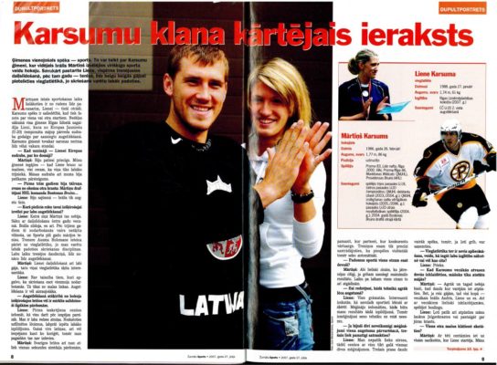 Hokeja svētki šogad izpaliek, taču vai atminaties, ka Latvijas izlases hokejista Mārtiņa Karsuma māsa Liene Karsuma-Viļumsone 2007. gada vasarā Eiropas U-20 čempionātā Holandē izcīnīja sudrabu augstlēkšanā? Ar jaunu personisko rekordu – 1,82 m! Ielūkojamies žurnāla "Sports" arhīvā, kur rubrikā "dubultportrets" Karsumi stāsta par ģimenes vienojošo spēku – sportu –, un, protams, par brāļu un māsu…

----

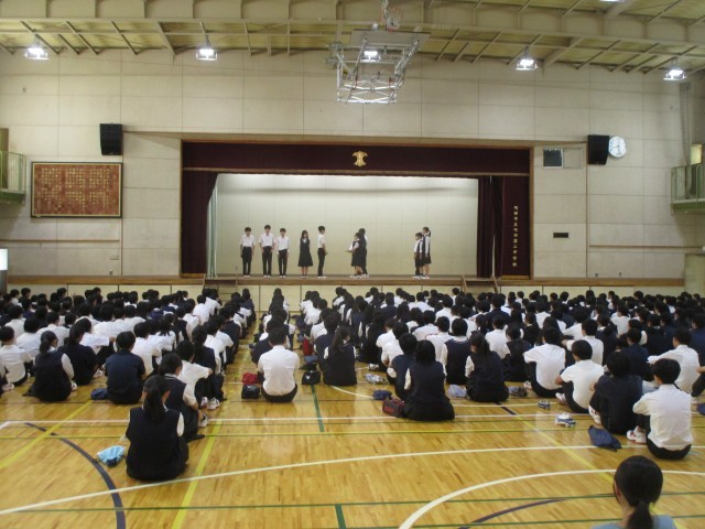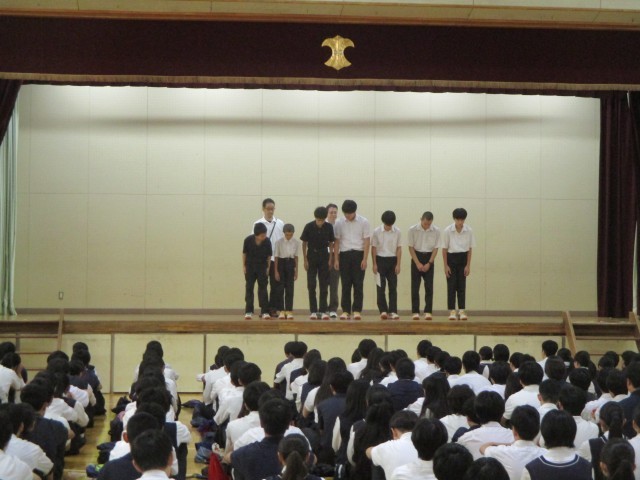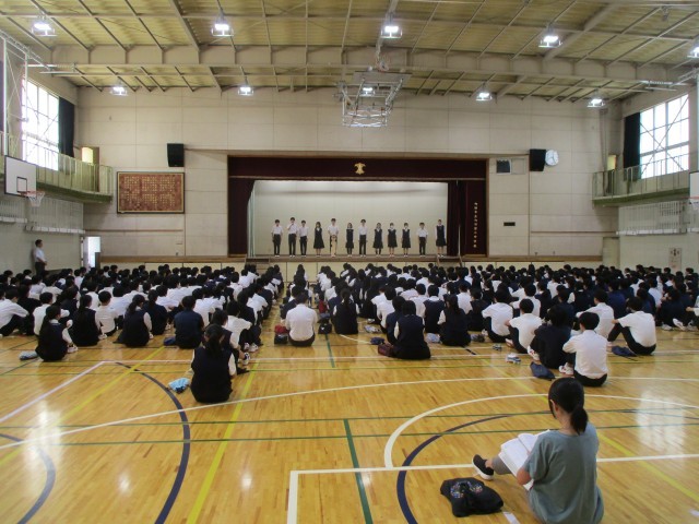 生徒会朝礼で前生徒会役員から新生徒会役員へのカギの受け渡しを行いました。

----

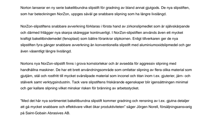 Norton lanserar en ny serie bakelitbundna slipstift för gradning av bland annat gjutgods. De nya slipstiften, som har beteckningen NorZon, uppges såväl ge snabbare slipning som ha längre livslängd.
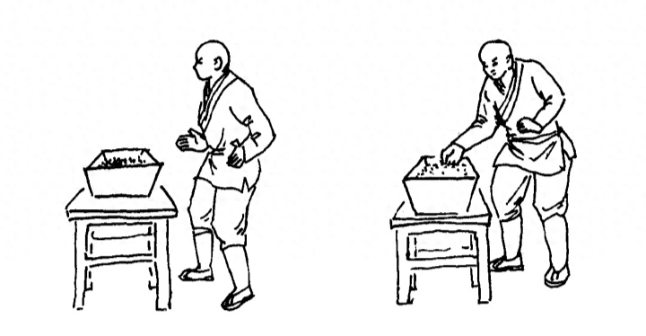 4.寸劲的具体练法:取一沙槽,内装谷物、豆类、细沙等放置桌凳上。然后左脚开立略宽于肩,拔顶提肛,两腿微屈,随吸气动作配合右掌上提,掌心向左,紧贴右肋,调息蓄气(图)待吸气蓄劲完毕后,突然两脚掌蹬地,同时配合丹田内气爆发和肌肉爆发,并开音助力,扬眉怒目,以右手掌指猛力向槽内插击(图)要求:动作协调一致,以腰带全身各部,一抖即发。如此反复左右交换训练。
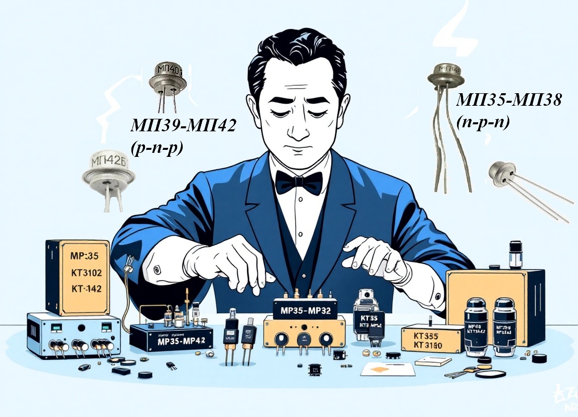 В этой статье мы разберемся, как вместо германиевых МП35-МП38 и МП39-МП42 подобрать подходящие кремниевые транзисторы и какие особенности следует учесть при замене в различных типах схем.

----

◆ EXERCISE DETAILS
Would you print exactly the lines in the listing above, from the line bearing "Norton lanserar en" through the line bearing "В этой статье", leaving out all pictures?

◆ RESPONSE
 Norton lanserar en ny serie bakelitbundna slipstift för gradning av bland annat gjutgods. De nya slipstiften, som har beteckningen NorZon, uppges såväl ge snabbare slipning som ha längre livslängd.
 4.寸劲的具体练法:取一沙槽,内装谷物、豆类、细沙等放置桌凳上。然后左脚开立略宽于肩,拔顶提肛,两腿微屈,随吸气动作配合右掌上提,掌心向左,紧贴右肋,调息蓄气(图)待吸气蓄劲完毕后,突然两脚掌蹬地,同时配合丹田内气爆发和肌肉爆发,并开音助力,扬眉怒目,以右手掌指猛力向槽内插击(图)要求:动作协调一致,以腰带全身各部,一抖即发。如此反复左右交换训练。
 В этой статье мы разберемся, как вместо германиевых МП35-МП38 и МП39-МП42 подобрать подходящие кремниевые транзисторы и какие особенности следует учесть при замене в различных типах схем.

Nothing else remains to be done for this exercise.